More than 600,000 small office/home office (SOHO) routers are thought to have been bricked and brought offline after a catastrophic cyber assault orchestrated by unidentified cyber attackers, blocking users' access to the internet.
The mystery incident, which took place between October 25 and 27, 2023, and afflicted a single internet service provider (ISP) in the U.S., has been nicknamed Pumpkin Eclipse by the Lumen Technologies Black Lotus Labs team. It particularly impacted three router types supplied by the ISP: ActionTec T3200, ActionTec T3260, and Sagemcom.
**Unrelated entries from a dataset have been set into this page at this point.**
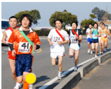
▲第42回大会のようす
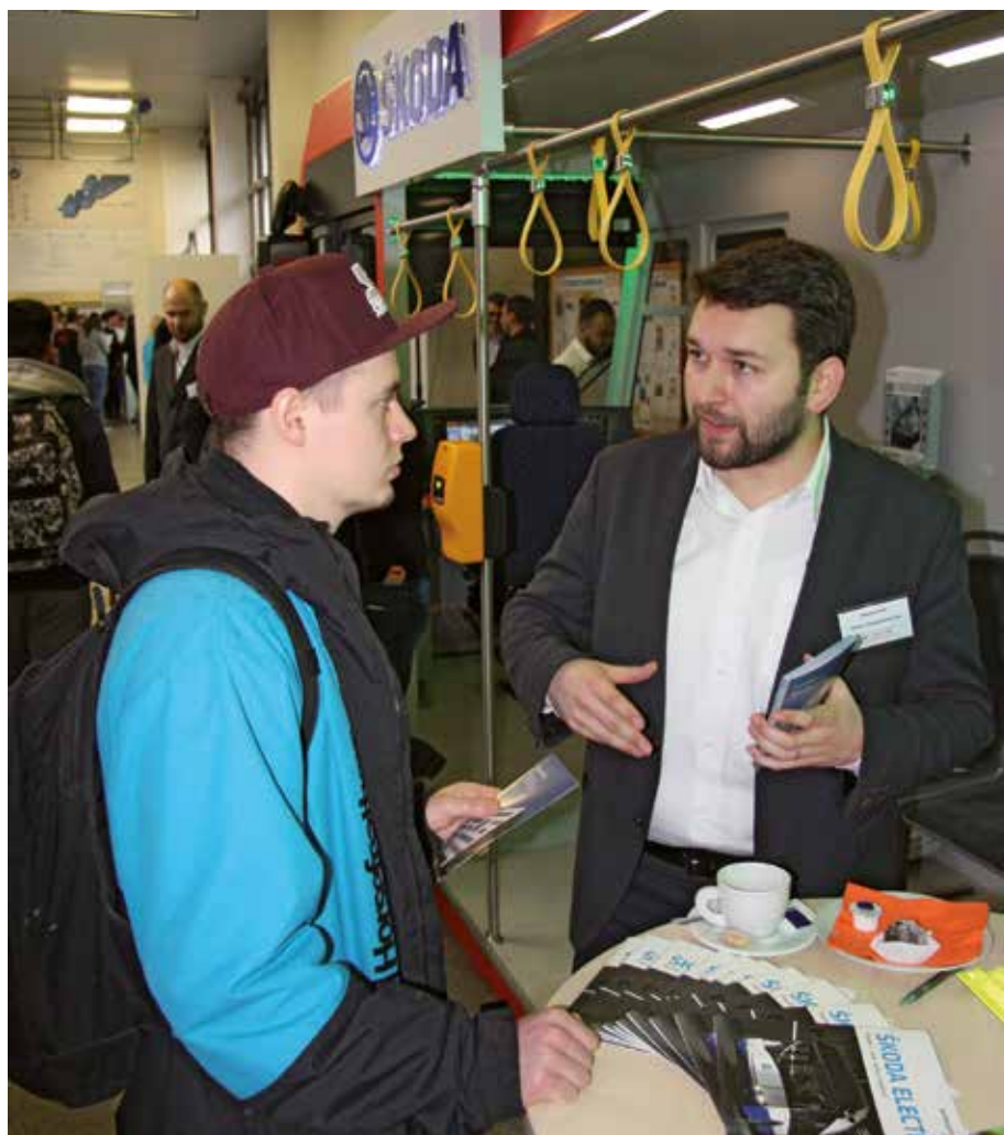
Škoda oslovuje studenty i při veletrzích pracovních příležitostí
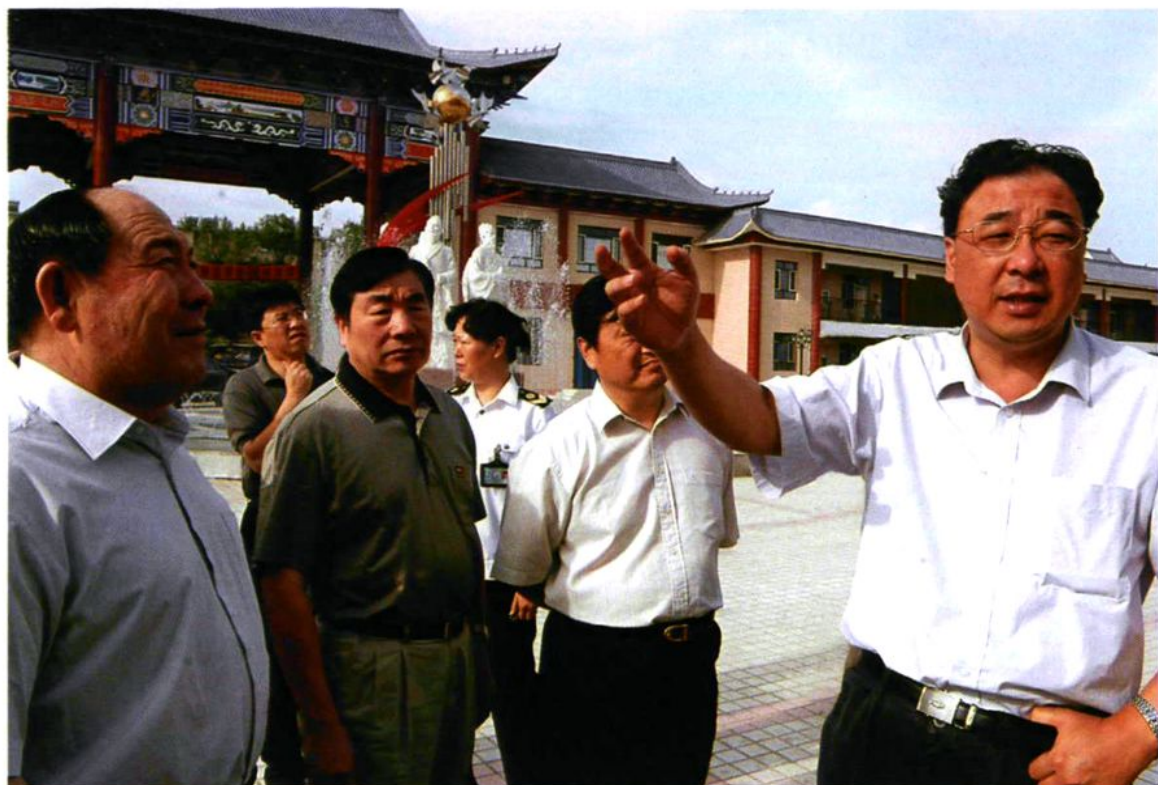
2005年7月4日,国家卫生部副部长马晓伟(右一)在兵团副司令员阿勒布斯拜·拉合木(左一)陪同下视察农七师卫生工作
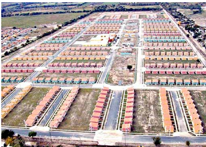
Fotografía 1. Imagen aérea de una de las ciudades-barrios.

Las viviendas individuales fueron construidas en el denominado "sistema constructivo tradicional", y se componen de cocina-comedor, dos dormitorios y núcleo sanitario. Cuentan
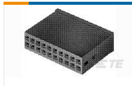
TE 产品编号87133-2 10 LOCKING CLIP HSG DR .100CL
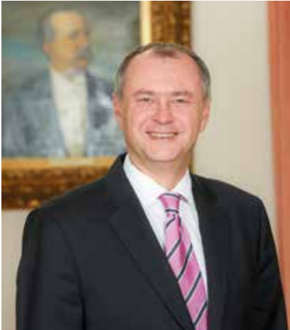
Bürgermeister LAbg. Hans Stefan Hintner

„Der Naturpark Föhrenberge und der neue Fitnesspark im Prießnitztal ermöglichen gesunde und kostenlose Bewegung zu jeder Jahreszeit und für alle Generationen.“
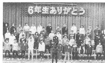
〔6年生ありがとうの会〕
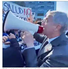
El Presidente José Antonio Kast usó un megáfono en Temuco para dialogar con manifestantes en el frente de un hospital, los que reclamaban contra eventuales rebajas presupuestarias en el sector de la salud.

COMISIÓN DE HACIENDA AFRENTA “EXIGENTE” TIMING POR PROYECTO DE RECONSTRUCCIÓN | B 1, C 2, C 3 y C 5
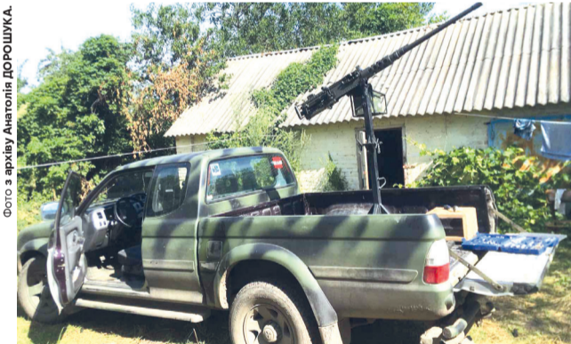
Пікап, який з Цумани доставили на передову, обладнано кулеметом.
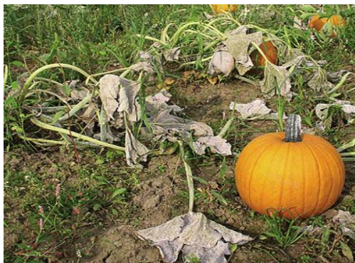
อาการรุนแรง
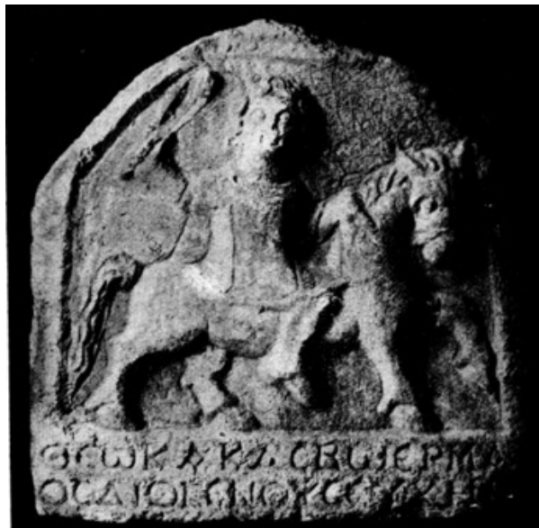
Fig. 2. Relief représentant Kakasbos 11 .

La massue est l'élément qui permet de le différencier des autres dieux représentés à cheval quand il s'agit de stèles anépigraphes. Il est important de le distinguer de Sôzôn qui, lui, tient une bipenne, c'est-à-dire une hache à double tranchant. Sa massue lui vaudra d'être assimilé à Héraklès 8 . Cependant, seul son nom fera l'objet d'une interpretatio Graeca et il continuera à être représenté sur un cheval en mouvement, brandissant sa massue 9 . Cette assimilation est surtout visible à Telmessos et sur le haut plateau pisidien 10 .
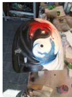
Plaque arrière du masque
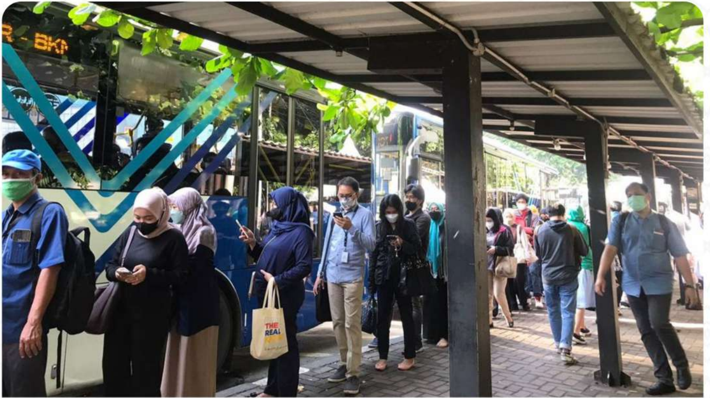
HALTE TRANSJAKARTA CIBUBUR JUNCTION
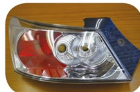
b B. QNC20H23.11 ~ キラメキ専用テール

テール内側の下に三角のレンズカットが入るタイプがキラメキ専用のテールになります。
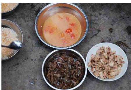
图 34 学生当天的午餐菜品

当天菜谱为炒肉、烧茄子和番茄鸡蛋汤两菜一汤, 口味还好, 但几个同学分食一份菜, 分量稍显不足。主食是米饭。

"The incident took place over a 72-hour period between October 25-27, rendered the infected devices permanently inoperable, and required a hardware-based replacement," the business claimed in a technical report.
The blackout is notable, not least because it resulted to the rapid withdrawal of 49% of all modems from the afflicted ISP's autonomous system number (ASN) within the time-frame.
While the identity of the ISP was not published, evidence points to it being Windstream, which had an outage around the same time, prompting consumers to report a "steady red light" being flashed by the afflicted modems.
Now, months later, Lumen's analysis has revealed a commodity remote access trojan (RAT) called Chalubo – a stealthy malware first documented by Sophos in October 2018 – as responsible for the sabotage, with the adversary opting for it presumably in an effort to complicate attribution efforts rather than use a custom toolkit.
"Chalubo has payloads designed for all major SOHO/IoT kernels, pre-built functionality to perform DDoS attacks, and can execute any Lua script sent to the bot," the startup stated. "We suspect the Lua functionality was likely employed by the malicious actor to retrieve the destructive payload."
That noted, the specific first access technique used to breach the routers is presently unclear, however it's thought that it may have included the exploitation of weak credentials or exploited an unprotected administrative interface.
Upon acquiring a successful footing, the infection chain continues to drop shell scripts that prepare the way for a loader finally meant to fetch and start Chalubo from an external server. The damaging Lua script module downloaded by the virus is unknown.
A key component of the campaign is its targeting of a particular ASN, as opposed to others that have often targeted a specific router type or common weakness, increasing the idea that it was purposefully targeted, but the objectives behind it remain uncertain as yet.
"The event was unprecedented due to the number of units affected – no attack that we can recall has required the replacement of over 600,000 devices," Lumen stated. "In addition, this type of attack has only ever happened once before, with AcidRain used as a precursor to an active military invasion."